There is nothing that can be done inside the algorithm to account for background signal levels of a fan or from any source. The audio signal would have to be filtered before sending to the server as this algorithm uses the RTP Audio Level extension. If you want a more robust solution that did not require client side background audio filtering, then you would need to do the following in MediaSoup: Decode Audio → Filter Audio → Calculate Dominant Speaker. In the last part you could possibly replace the the input to use a sample of the signal. Basically change the algorithm to work on the audio signal directly.

You may also look into using RNNoise for background noise reduction.

I would expect something like fan noise to be at least partially removed by WebRTC noise cancellation mechanism and ideally people that don’t speak would also mute themselves. Without decoding and analyzing audio server wouldn’t be able to distinguish any of that, so it not really a mediasoup-level issue.
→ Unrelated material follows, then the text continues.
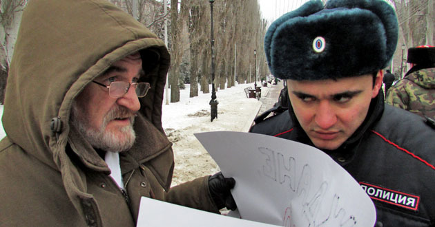 Пикет против войны на Украине. Волгоград, 31 января 2015 г. Фоторепортаж корреспондента "Кавказского узла" Вячеслава Ященко

Thanks for the explanations Steve. They were very helpfull.
My main concern was not solving the background noise issue. I just did some test while one participant had continuous background fan noise and other one always talking loudly and screaming loudly and continuously also. I was at least expecting switching dominant speaker to louder one . When i do not see this behaviour i have checked the implementation and arised that question about the difference in implementation. You may be right because audio levels are less than zero.

At this point I do not have any idea why that test is not worked . Maybe I try some new things with audio level observer.

Apologies for not getting back sooner. We slightly modified the algorithm. Specifically the division you pointed out. I had implemented the reverse mistakenly. This is now fixed.

Thanks a lot @steve.mcfarlin